Un cortinaire à lames vertes
Couleur chimiquement instable, aussi bien en peinture qu'en teinture, le vert est, à la fin du Moyen Âge, symboliquement associé à tout ce qui est changeant ou capricieux : la jeunesse, l'amour, la fortune, le destin. Par là même, il tend à se dédoubler : d'un côté le bon vert, celui de la gaîté, de la beauté, de l'espérance, de l'autre le mauvais vert, celui du Diable et de ses créatures, des sorcières, du poison, qui étend son empire et porte désormais malheur en de nombreux domaines.

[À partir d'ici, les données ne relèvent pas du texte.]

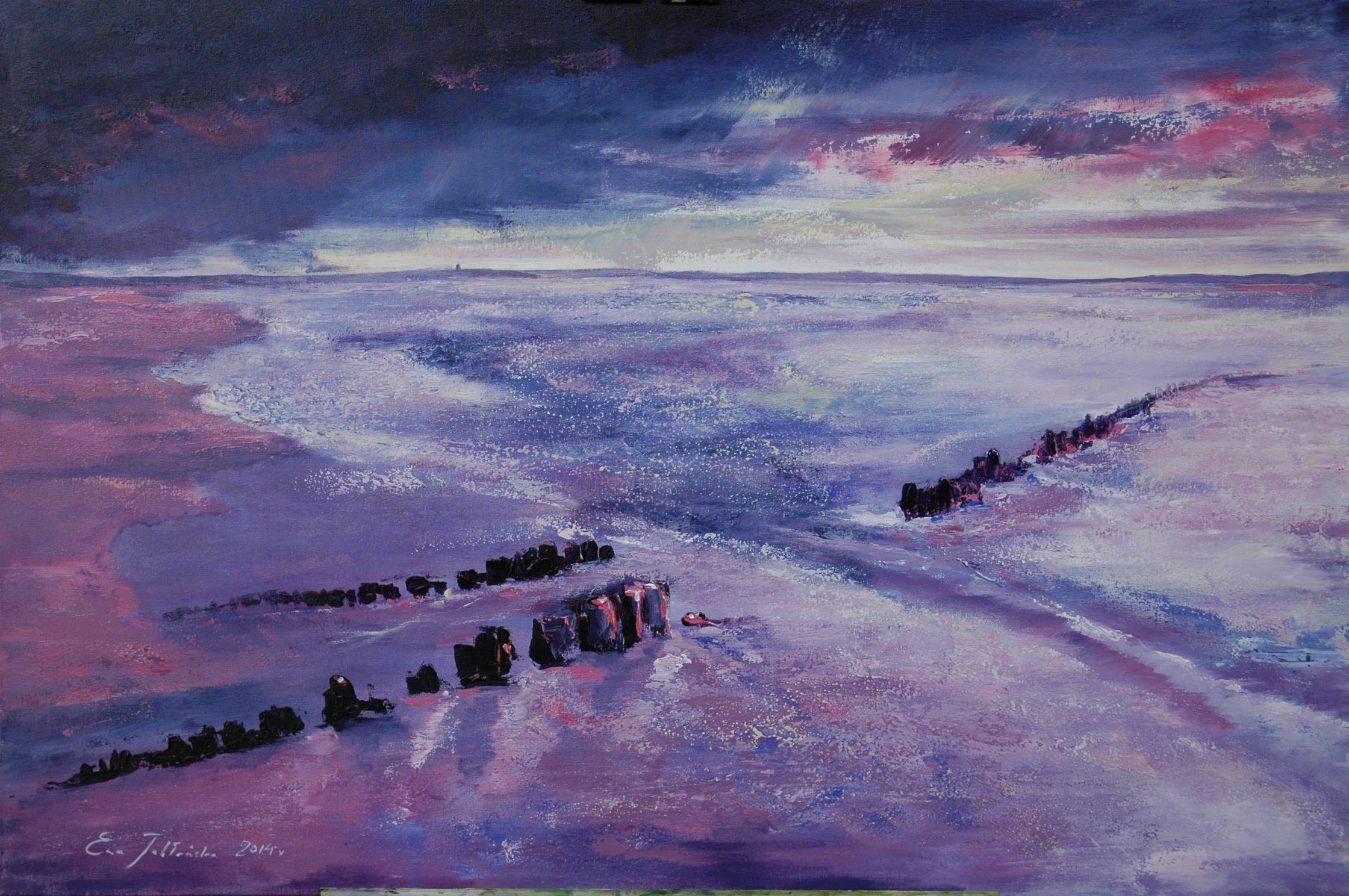 Na obrazie widzimy przestrzeń pełną intensywnych odcieni fioletu i różu, które niczym delikatne fale rozlewają się po całej płaszczyźnie. W oddali horyzont z lekka rozmazany w niebieskoszarych barwach, a ciemne chmury zdają się zwiastować burzę. W centrum kompozycji widać ciemne, nierówne kształty przypominające stare pomosty czy drewniane pale, które prowadzą wzrok ku horyzontowi. Obraz emanuje spokojem, ale jednocześnie czymś tajemniczym i niepokojącym. To artystyczne połączenie stwarza dreamy atmosferę, jakbyśmy znajdowali się w śnie. Artysta stosuje technikę impastu, nadając teksturę falom i chmurom, co dodaje głębi i trójwymiarowości. Uczucie melancholii i zadumy ogarnia odbiorcę, zmuszając do chwili refleksji nad przemijaniem czasu i pięknem natury. Widok niesie spokój, ale i fascynację nieznanym. Fascinating, prawda? "Ten obraz jest jak wieczorny sen" - mógłby powiedzieć mały artysta. Zagubiony krajobraz wprowadza widza w stan medytacji i przemyśleń. To dzieło malarskie zachwyca i inspiruje, pozostawiając trwałe wrażenie.

Michel Pastoureau, Vert, histoire d'une couleur
Le vert est une couleur rare en mycologie. Réservé aux végétaux dont les champignons ne font plus partie depuis 1969, le vert est distribué avec parcimonie dans le royaume fungique. Il est une couleur qui inquiète, à l'instar du bleu et du violet.
Notre cortinaire : Cortinarius montanus var. fageticola Moser = Phlegmacium herpeticum var. fageticola Moser, luit obscurément de ses lames vert olive, qui contrastent et se mêlent au jaune-brun du chapeau flammé-fouetté de rouille, au bleu acier du pied. L'ensemble de ces teintes osmotiques fomente une beauté sordide, un joyau scintillant et confus de matière fangeuse, végétale et sidérale.
Au sein de la série scaurus à laquelle il appartient – qui rassemble des cortinaires à chapeau visqueux et hygrophane, à lames vert olive – il se démarque par son habitat sous hêtres acidiphiles et par la marge de son chapeau brun chocolat à l'état imbu. Très rare, solitaire ou par deux, trois, ce cortinaire ne se dévoile qu'à l'œil averti, de-ci de-là, en forêt de Châteauroux, en Brenne ou dans les bois de Déols, sous les hêtres en terrain acide.